- Map of Byzantine Greece c. 900 AD, with the themes and major settlements.
- Historical era: Middle Ages
- • Established: 843
- • Fourth Crusade: 1204
| Preceded by | Succeeded by |
| / Asia (Roman province); / Islands (Roman province) | Duchy of the Archipelago / |
- Today part of: Greece Turkey

= Aegean Sea (theme) =

Byzantine province in the northern Aegean Sea

The Theme of the Aegean Sea (θέμα τοῦ Αἰγαίου Πελάγους, thema tou Aigaiou Pelagous) was a Byzantine province in the northern Aegean Sea, established in the mid-9th century. As one of the Byzantine Empire's three dedicated naval themes (Greek: θέματα ναυτικᾶ), it served chiefly to provide ships and troops for the Byzantine navy, but also served as a civil administrative circumscription.

==Origins==
The theme has its origins in the late antique civil province of the "Islands" (Insulae; Nήσοι), which encompassed the islands of the southeastern and eastern Aegean up to Tenedos. The term "Aigaion Pelagos" appears for the first time as an administrative circumscription in the early 8th century, when seals of several of its kommerkiarioi (customs officials) are attested. One seal, dated to 721/722, even refers to an official in charge of all the Greek islands, possibly implying an extension of the old province over the islands of the northern and western Aegean as well. Militarily, the Aegean islands came under control of the Karabisianoi corps and later of the Cibyrrhaeot Theme during the 7th and 8th centuries.
In 726, the region participated in a rebellion against the iconoclast policies of emperor Leo III. Stephen, head of the fleet of the Cyclades islands, joined rebel leader Agallianos Kontoskeles in a failed attack on Constantinople.
From the late 8th century, two separate commands appear in the Aegean: the droungarios of the Aegean Sea (Aigaion Pelagos), apparently controlling the northern half, and the droungarios "of the Twelve Islands" (Dodekanesos) or "of the Gulf" (Kolpos), in charge of the southern half. The latter command eventually evolved into the theme of Samos, while the former evolved into the theme of the Aegean Sea, encompassing both the islands of the northern Aegean as well as the Dardanelles and the southern coasts of the Propontis.

==History==
The theme of the Aegean Sea must have been created in 843: its governing strategos does not appear in the Taktikon Uspensky of 842/843, which still lists the droungarios, but he is elsewhere attested as being active at Lesbos in 843.

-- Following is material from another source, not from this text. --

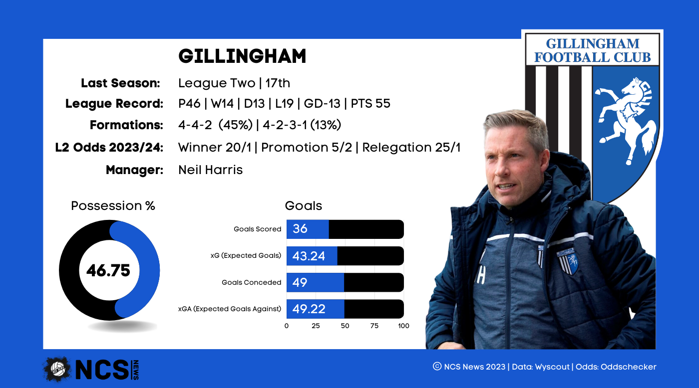 Former Cardiff and Millwall boss Neil Harris has had a tough time as Gillingham manager, first with relegation in 21/22, and then an underwhelming campaign in 22/23. It’s testament to his character, as well as the credit he has in the bank due to his career, that he’s still at the helm, and he will feel he can lead his side back to the level he took them over at. Tactically Harris was consistent across the season, tweaking the system slightly, but often favouring a 4-4-2 formation. The sudden upturn in results then can be attributed to 2 things; the Gills exiting cup competitions, and the arrival of Timothee Dieng from Exeter City. Dieng made an immediate impact, scoring and assisting in 2 of his 3 opening games, and for this Harris deserves immense credit for his ability to recruit. To lure a man who had won promotion with Exeter in 21/22 to a side at the foot of the table speaks volumes about the pull Harris possesses at this level. He’s continued that this season, winning the race for Jonny Williams’ signature, once again showing how strong his recruitment skills are.

The theme of the Aegean Sea was a regularly organized theme, subdivided into tourmai and banda and with a full complement of military, civil, and fiscal officials. In the areas of the Dardanelles and the Propontis, however, the droungarios and later the strategos of the Aegean probably shared authority with the Count of the Opsician Theme, to whose jurisdiction these territories properly belonged. The Count of the Opsicians probably retained authority over civil administration and local defence, while the Aegean theme was solely responsible for equipping ships and raising the men for fleets from these areas. A similar procedure existed in the theme of Samos as well. This view is strengthened by the fact that the Opsicians, and especially the Slavs (Sklabesianoi) forcefully settled by the Empire in the Opsician Theme, are attested serving as marines in the 10th century.

According to Emperor Constantine VII Porphyrogennetos (r. 913–959), in the early 10th century the theme included Lesbos (the seat of the strategos), Lemnos, Imbros and Tenedos, Chios (later transferred to Samos), the Sporades and the Cyclades. According to Hélène Ahrweiler, the Cyclades were probably transferred to the Aegean theme when the Dodekanesos/Kolpos naval command was broken up and the theme of Samos established from it in the late 9th century. In 911, the forces of the naval theme of the Aegean are recorded as being 2,610 oarsmen and 400 marines.

The province survived until the late 10th/early 11th century, when it became progressively split up into smaller commands. As the Cyclades and Sporades, Chios and the region of Abydos acquired their own strategoi, the theme of the Aegean became a purely civil province comprising only the coasts of the Propontis and the region around Constantinople. By the late 11th century, what remained of the old thematic fleet was incorporated into the unified imperial navy at Constantinople, under the command of the megas doux. Thereafter, some time in the 12th century, the theme of the Aegean seems to have been fused with the Opsician theme into a single province, as attested in the Partitio terrarum imperii Romaniae in 1204. The theme ceased to exist after the dissolution of the Byzantine Empire by the Fourth Crusade in 1204.